I have a string:
$day = "11.08.2012 PROC BRE-AMS 08:00-12:00 ( MIETWAGEN MIT BAK RES 6049687886 ) Y AMS-AMS 13:15-19:15"
And I have a regular expression:
$data = preg_split("/(?=[A-Z]{1,4}[\s]+[A-Z]{3}[\-][A-Z]{3}[\s]+)/", $day);
The expected $data
-Array should be:
array
0 => string '11.08.2012 ' (length=11)
1 => string 'PROC 08:00-12:00 ( MIETWAGEN MIT BAK RES 6049687886 ) ' (length=22)
2 => string 'Y AMS-AMS 13:15-19:15' (length=21)
But my result is:
0 => string '11.08.2012 ' (length=11)
1 => string 'P' (length=1)
2 => string 'R' (length=1)
3 => string 'O' (length=1)
4 => string 'C BRE-AMS 08:00-12:00 ( MIETWAGEN MIT BAK RES 6049687886 ) ' (length=59)
5 => string 'Y AMS-AMS 13:15-19:15' (length=21)
I cannot retrace what´s happening here. Could someone pleaqse explain?
In short, the problem is that (?=...) subexpression in your pattern match a position. I understand that was exactly your intention; the problem is, the next match is started not when the pattern specified in (?=) ends its match - but at the position matched by the lookahead + 1 symbol.
Let's check this process in details. First time the split is attempted, it walks the string until it got to the position marked by asterisk:
11.08.2012 *PROC BRE-AMS 08:00-12:00
... where it can match the pattern given.
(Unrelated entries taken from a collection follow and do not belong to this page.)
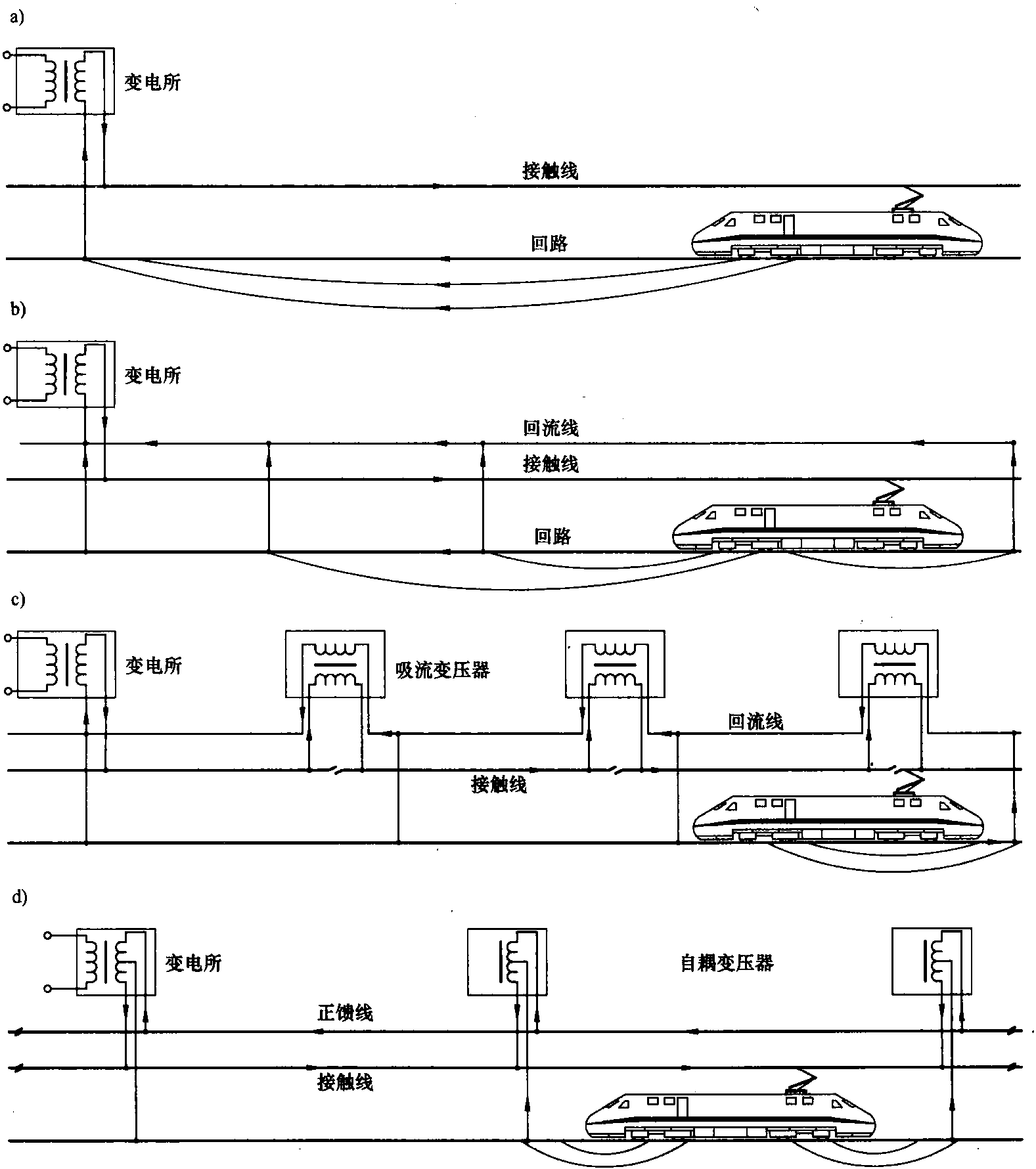 圖12.1 交流電氣化鐵道系統(tǒng)中的軌道回流
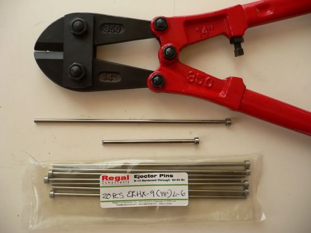 I wanted to test the ejector pins used by george16 because I'm fed up bending Lunsford hinge pins (lower ones). I needed a good bolt cutter to cut these pins ! Here is the result :
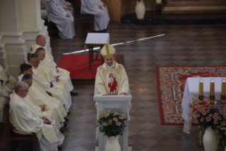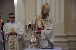 W homilii ks. Biskup podkreślił, że Wielki Czwartek jest dniem, w którym cały Kościół pochyla się z wdzięcznością nad tajemnicą Chrystusowego Kapłaństwa i tajemnicą wszczepienia w nie wybranych ludzi. W nawiązaniu do Liturgii Słowa zauważył, jak starotestamentalne proroctwo z Księgi Proroka Izajasza zostało wypełnione przez Chrystusa, który jawi się jako Syn Boży, Mesjasz, Zbawiciel świata. „Chrystus, oddając życie za lud, oczyścił go od grzechów i uświęcił. Ten lud ma teraz udział w proroczym namaszczeniu Jezusa, którego Ewangelię – Dobrą Nowinę przyjmuje z wiarą” – powiedział ks. Biskup. Wskazał również na znaczenie oleju namaszczenia, który człowiek przyjmuje w sakramencie chrztu świętego. Łączy ono człowieka z Chrystusem i udziela łaski wiary oraz włącza w kapłaństwo powszechne ludu Bożego. Istnieje również kapłaństwo ministerialne, w które wybrani, powołani przez Pana mężczyźni, zostają włączeni poprzez święcenia.

For the next attempt, the starting position 'bumps along' one symbol, so now we're here:
11.08.2012 P*ROC BRE-AMS 08:00-12:00
... and voila, we again can match this pattern, because of that {1,4}
quantifier! That's how you got these 'irregular' P
, R
and O
symbols.
That's for explanation, now for the "how to fix" part. The easiest way out of this, I suppose, is adding this little twist in your split pattern:
$data = preg_split('/\b(?=[A-Z]{1,4}\s+[A-Z]{3}-[A-Z]{3}\s+)/', $day);
We still match for position - but now this position should be the one that separates a 'word' symbol from a non-word one. The same idea can be expressed with negative lookbehind pattern:
$data = preg_split('/(?<![A-Z])(?=[A-Z]{1,4}\s+[A-Z]{3}-[A-Z]{3}\s+)/', $day);
... which is actually more precise, but less elegant, I suppose. )
Two sidenotes here: 1) don't use character class syntax when you need to specify a single symbol (simple - -
- or 'shortcut' one, like \s
); 2) use single quotation marks to delimit your pattern unless you want to interpolate some variables in it.
A hyphen is a metacharacter in a character class. If you want to include a hyphen in a character class you have to backslash escape it (although in this specific case it works since your character class has nothing but a hyphen).
If you need to include the split string, anchor the start of the lookahead to a word boundary, so that only the first letter of the first 1-4 character sequence is tested:
/(?=\b[A-Z]{1,4}\s+[A-Z]{3}-[A-Z]{3}\s+)/'